Александр Етоев - Бегство в Египет Страница 8
- Категория: Фантастика и фэнтези / Социально-психологическая
- Автор: Александр Етоев
- Год выпуска: -
- ISBN: -
- Издательство: -
- Страниц: 12
- Добавлено: 2018-12-02 17:49:02
Александр Етоев - Бегство в Египет краткое содержание
Прочтите описание перед тем, как прочитать онлайн книгу «Александр Етоев - Бегство в Египет» бесплатно полную версию:Александр Етоев - Бегство в Египет читать онлайн бесплатно
– Идемте. – И снова они пробирались какими-то гулкими переходами, упирались в темные тупики, возвращались, топтались на месте, снова шуршала карта и скрипела сухая кожа на подбородке, когда Василий Васильевич, задумавшись, скреб ее своей пятерней.
Наконец, хлопнула последняя дверь. Зажмурившись от яркого света, Женька сделал шаг за директором. Когда он открыл глаза, то первое, что увидел, – стоптанные рыжие башмаки, стоящие на полу у стены.
16
По Садовой ехал трамвай. Медленно плыли по сторонам дома, медленно облетали деревья в садиках и медленно, как большие улитки, гуляли над крышами облака и тучки.
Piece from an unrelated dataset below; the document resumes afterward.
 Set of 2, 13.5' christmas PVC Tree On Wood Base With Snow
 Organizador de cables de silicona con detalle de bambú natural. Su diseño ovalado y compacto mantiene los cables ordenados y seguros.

За прозрачным стеклом кабины, убаюканный вагонным теплом, дремал вагоновожатый.
Он дремал, трамвай ему не мешал; вагон был пустой и сонный; на остановках, когда хлюпала резина дверей, люди тихо входили и выходили: без песен, без мордобоя, что бывают в дни больших праздников и в веселые часы пик.
У выхода, в глубине вагона, прикорнув над кошелкой с мелочью, сидел пожилой кондуктор. По паспорту он был Николаем Дмитриевичем, но иначе как просто Дмитрич его в народе не называли.
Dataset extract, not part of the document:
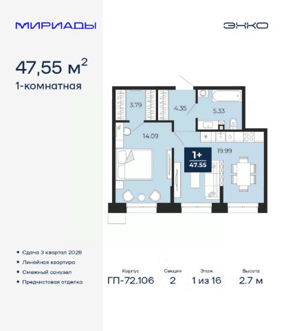 Квартира в рассрочку без процентов от застройщика. Эксклюзивные ипотечные условия. Дом будет сдан в 4 квартале 2025 года. Информация по телефону, наши менеджеры вам все расскажут. Продается 1-комн. квартира от застройщика с предчистовой отделкой в ЖК "Республики 205" на 1 этаже. Общая площадь: 75.55 кв.м., жилая: 12.7 кв.м., площадь просторной кухни-гостиной: 29.8 кв.м. Все окна выходят на одну сторону. В квартире один балкон, один совмещенный санузел. Терраса площадью 17.1 кв.м. представляет собой роскошную зону отдыха, где вы на свой вкус можете создать атмосферу комфорта и уюта. Высота потолков 2.6 м. В квартире предусмотрены: - окна в пол наполняют квартиру естественным светом, который, в свою очередь, положительно влияет на ваше самочувствие и настроение. Увеличенная площадь остекления позволяет снизить необходимость в использовании ламп и люстр; - в каждой квартире предусмотрена телеметрия; - установлены сейф-двери; - выполнена гидроизоляция мокрых зон. Купить квартиру можно с помощью программ покупки от застройщика Брусника: - ипотека по эксклюзивной ставке с помощью в получении положительного кредитного решения через сервис ипотечный брокер; - квартиры в рассрочку без процентов от застройщика Брусника; - обмен квартиры на новую. Получить одобрение ипотеки или рассрочку, а также осуществить обмен квартир можно онлайн. Дом монолитный, многоподъездный, переменной этажности, от 9 до 17 этажей. Квартира находится в 1-й секции высотой 17 этажей в корпусе 1. На этаже 7 квартир. В подъезде 1 пассажирский и 1 грузовой лифт. Начало строительства - 2 квартал 2023 года. Строительство окончено, дом сдан в 4 квартале 2025 года. Оформление сделки по договору купли-продажи. Район Проект расположен в границах улиц Пермякова, Энергетиков, Воровского и Республики. До центра города — 10 минут на машине. Рядом — автомобильная развязка на пересечении улиц Пермякова и Республики. В шаговой доступности есть школы, детские сады, поликлиники, крупный торговый центр, автовокзал и несколько скверов. Проект "Республики 205" — это проект комплексного развития территории, уникальный по своему наполнению. Переосмысляя бывшую территорию завода медицинского оборудования, мы создадим новое место силы — микрорайон, насыщенный деловой, развлекательной, рекреационной, игровой, образовательной и медицинской инфраструктурой. До каждого полезного сервиса здесь можно будет дойти за 15 минут. Локальными центрами "Республики 205" будут общественные пространства — скверы, парки, бульвары и площади. В границах нашего участка мы намерены разместить школу, рассчитанную на 1550 учеников, два детских сада на 300 мест и встроенный детский сад на 100 мест. В одном из цехов бывшего завода расположится креативный кластер "Кузница". Он станет площадкой для нескольких институций — галереи, лектория, книжного магазина-библиотеки, кинобара и точек креативного pop-up-ритейла. Пешеходные бульвары внутри района соединят между собой улицу ресторанов, детские и спортивные

Дмитрич сидел, скучая. Молчал, отрывал билетики, сонно выкрикивал остановки, опять отрывал билетики, опять сидел и молчал. И так – от кольца до кольца.
На кольце выпивал он чаю – всегда покрепче и обязательно с колотым сахарком. Для этого держал он при себе щипчики в футляре из-под вторых очков.
Где-то за Апраксиным у Сенной трамвай тряхнуло, впрочем привычно, и Дмитрич, тоже привычно, погладил кошелку с мелочью. В вагоне все было тихо. Дмитрич поднял глаза, пробежал глазами по пассажирам и вздрогнул, словно увидел лешего.
Чуть ли не перед ним, напротив, нога на ногу, как ни в чем не бывало, у окна сидел БЕЗБИЛЕТНЫЙ.
Дмитричу стало жарко. Старею, подумал он и вытер кошелкой лоб.
Такого с ним еще не бывало. Двадцать лет служил на маршруте, а безбилетных не допускал ни разу. И не допустит, пока стоит советская власть.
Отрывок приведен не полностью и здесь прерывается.